*Information given*

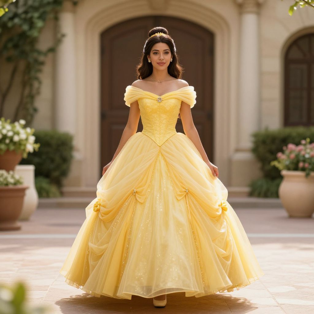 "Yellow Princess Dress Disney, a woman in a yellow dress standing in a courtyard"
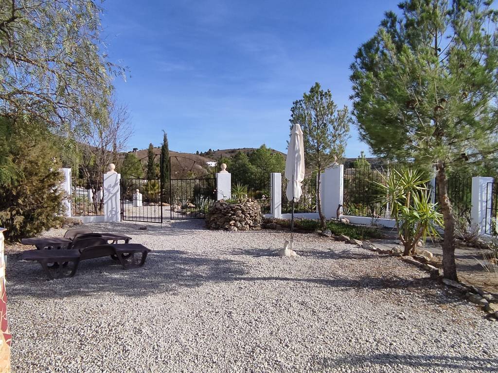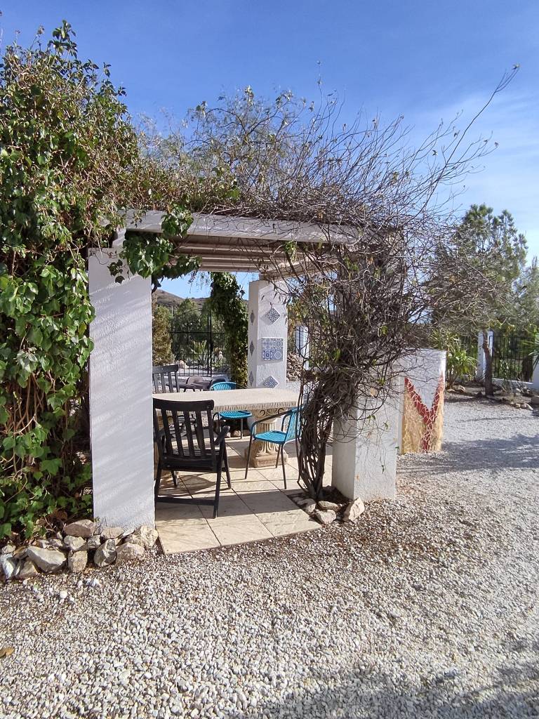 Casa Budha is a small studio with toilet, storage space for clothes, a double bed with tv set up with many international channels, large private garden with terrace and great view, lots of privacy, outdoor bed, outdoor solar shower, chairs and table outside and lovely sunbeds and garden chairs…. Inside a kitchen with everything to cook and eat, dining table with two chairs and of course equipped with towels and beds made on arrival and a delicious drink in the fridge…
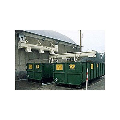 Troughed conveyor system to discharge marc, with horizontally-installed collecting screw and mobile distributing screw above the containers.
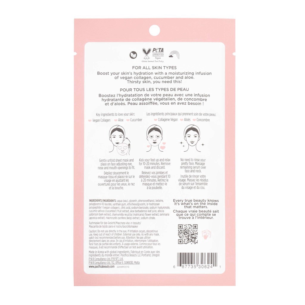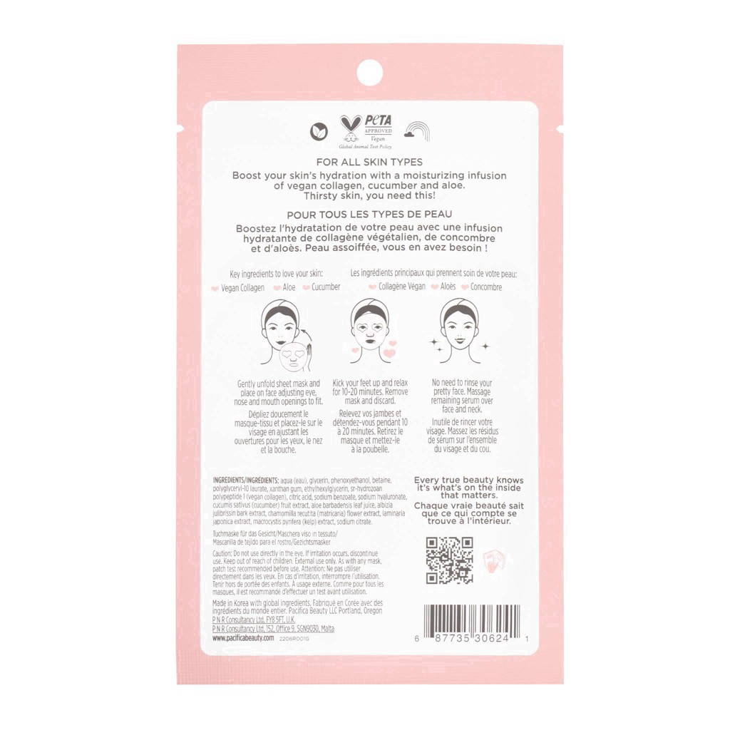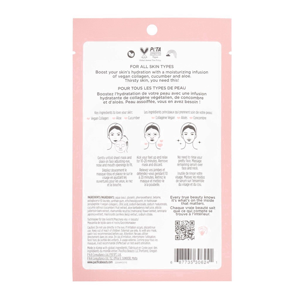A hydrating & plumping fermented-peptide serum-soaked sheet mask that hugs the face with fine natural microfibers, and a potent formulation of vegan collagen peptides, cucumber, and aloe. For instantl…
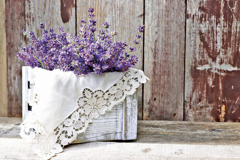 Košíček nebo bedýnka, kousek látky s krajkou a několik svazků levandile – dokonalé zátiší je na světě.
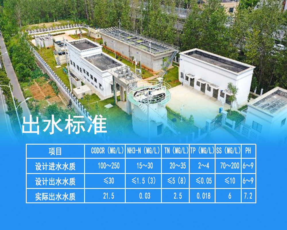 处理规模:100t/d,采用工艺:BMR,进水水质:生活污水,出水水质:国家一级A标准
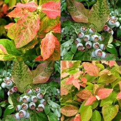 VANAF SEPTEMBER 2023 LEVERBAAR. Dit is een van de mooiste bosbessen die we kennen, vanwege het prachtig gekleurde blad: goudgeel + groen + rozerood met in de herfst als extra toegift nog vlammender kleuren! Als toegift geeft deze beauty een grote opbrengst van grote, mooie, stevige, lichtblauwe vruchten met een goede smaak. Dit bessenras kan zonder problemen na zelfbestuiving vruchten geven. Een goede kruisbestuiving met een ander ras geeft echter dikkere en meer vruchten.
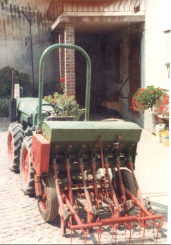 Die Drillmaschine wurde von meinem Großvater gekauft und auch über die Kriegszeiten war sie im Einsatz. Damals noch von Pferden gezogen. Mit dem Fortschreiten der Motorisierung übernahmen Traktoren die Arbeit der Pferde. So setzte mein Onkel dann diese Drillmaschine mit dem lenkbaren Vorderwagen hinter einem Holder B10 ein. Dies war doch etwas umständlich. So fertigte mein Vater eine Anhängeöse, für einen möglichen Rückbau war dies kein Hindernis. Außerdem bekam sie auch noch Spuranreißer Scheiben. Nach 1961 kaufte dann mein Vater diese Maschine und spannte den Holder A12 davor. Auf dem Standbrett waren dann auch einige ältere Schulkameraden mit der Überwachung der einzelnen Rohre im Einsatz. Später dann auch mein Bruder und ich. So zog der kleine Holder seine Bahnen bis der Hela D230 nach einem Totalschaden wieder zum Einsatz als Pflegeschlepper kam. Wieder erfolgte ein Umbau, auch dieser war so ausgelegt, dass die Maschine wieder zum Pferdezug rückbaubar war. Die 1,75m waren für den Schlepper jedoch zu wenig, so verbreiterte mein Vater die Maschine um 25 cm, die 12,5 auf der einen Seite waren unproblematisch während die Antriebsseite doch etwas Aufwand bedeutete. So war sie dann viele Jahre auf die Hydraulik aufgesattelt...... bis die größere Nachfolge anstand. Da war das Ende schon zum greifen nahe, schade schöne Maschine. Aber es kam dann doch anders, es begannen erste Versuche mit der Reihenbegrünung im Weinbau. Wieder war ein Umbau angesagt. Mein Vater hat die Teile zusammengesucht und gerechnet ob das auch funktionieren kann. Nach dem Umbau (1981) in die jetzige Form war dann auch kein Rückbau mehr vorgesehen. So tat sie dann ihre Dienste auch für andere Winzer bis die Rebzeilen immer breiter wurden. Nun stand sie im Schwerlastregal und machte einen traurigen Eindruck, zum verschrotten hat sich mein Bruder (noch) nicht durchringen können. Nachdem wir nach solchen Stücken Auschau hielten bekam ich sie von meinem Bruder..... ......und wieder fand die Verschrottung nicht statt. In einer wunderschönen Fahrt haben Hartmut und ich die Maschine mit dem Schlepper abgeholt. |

*Brief*
Reproduce the entire listing above precisely, but keep the images out.

*Reply*
 "Yellow Princess Dress Disney, a woman in a yellow dress standing in a courtyard"
 Casa Budha is a small studio with toilet, storage space for clothes, a double bed with tv set up with many international channels, large private garden with terrace and great view, lots of privacy, outdoor bed, outdoor solar shower, chairs and table outside and lovely sunbeds and garden chairs…. Inside a kitchen with everything to cook and eat, dining table with two chairs and of course equipped with towels and beds made on arrival and a delicious drink in the fridge…
 Troughed conveyor system to discharge marc, with horizontally-installed collecting screw and mobile distributing screw above the containers.
A hydrating & plumping fermented-peptide serum-soaked sheet mask that hugs the face with fine natural microfibers, and a potent formulation of vegan collagen peptides, cucumber, and aloe. For instantl…
 Košíček nebo bedýnka, kousek látky s krajkou a několik svazků levandile – dokonalé zátiší je na světě.
 处理规模:100t/d,采用工艺:BMR,进水水质:生活污水,出水水质:国家一级A标准
 VANAF SEPTEMBER 2023 LEVERBAAR. Dit is een van de mooiste bosbessen die we kennen, vanwege het prachtig gekleurde blad: goudgeel + groen + rozerood met in de herfst als extra toegift nog vlammender kleuren! Als toegift geeft deze beauty een grote opbrengst van grote, mooie, stevige, lichtblauwe vruchten met een goede smaak. Dit bessenras kan zonder problemen na zelfbestuiving vruchten geven. Een goede kruisbestuiving met een ander ras geeft echter dikkere en meer vruchten.
 Die Drillmaschine wurde von meinem Großvater gekauft und auch über die Kriegszeiten war sie im Einsatz. Damals noch von Pferden gezogen. Mit dem Fortschreiten der Motorisierung übernahmen Traktoren die Arbeit der Pferde. So setzte mein Onkel dann diese Drillmaschine mit dem lenkbaren Vorderwagen hinter einem Holder B10 ein. Dies war doch etwas umständlich. So fertigte mein Vater eine Anhängeöse, für einen möglichen Rückbau war dies kein Hindernis. Außerdem bekam sie auch noch Spuranreißer Scheiben. Nach 1961 kaufte dann mein Vater diese Maschine und spannte den Holder A12 davor. Auf dem Standbrett waren dann auch einige ältere Schulkameraden mit der Überwachung der einzelnen Rohre im Einsatz. Später dann auch mein Bruder und ich. So zog der kleine Holder seine Bahnen bis der Hela D230 nach einem Totalschaden wieder zum Einsatz als Pflegeschlepper kam. Wieder erfolgte ein Umbau, auch dieser war so ausgelegt, dass die Maschine wieder zum Pferdezug rückbaubar war. Die 1,75m waren für den Schlepper jedoch zu wenig, so verbreiterte mein Vater die Maschine um 25 cm, die 12,5 auf der einen Seite waren unproblematisch während die Antriebsseite doch etwas Aufwand bedeutete. So war sie dann viele Jahre auf die Hydraulik aufgesattelt...... bis die größere Nachfolge anstand. Da war das Ende schon zum greifen nahe, schade schöne Maschine. Aber es kam dann doch anders, es begannen erste Versuche mit der Reihenbegrünung im Weinbau. Wieder war ein Umbau angesagt. Mein Vater hat die Teile zusammengesucht und gerechnet ob das auch funktionieren kann. Nach dem Umbau (1981) in die jetzige Form war dann auch kein Rückbau mehr vorgesehen. So tat sie dann ihre Dienste auch für andere Winzer bis die Rebzeilen immer breiter wurden. Nun stand sie im Schwerlastregal und machte einen traurigen Eindruck, zum verschrotten hat sich mein Bruder (noch) nicht durchringen können. Nachdem wir nach solchen Stücken Auschau hielten bekam ich sie von meinem Bruder..... ......und wieder fand die Verschrottung nicht statt. In einer wunderschönen Fahrt haben Hartmut und ich die Maschine mit dem Schlepper abgeholt. |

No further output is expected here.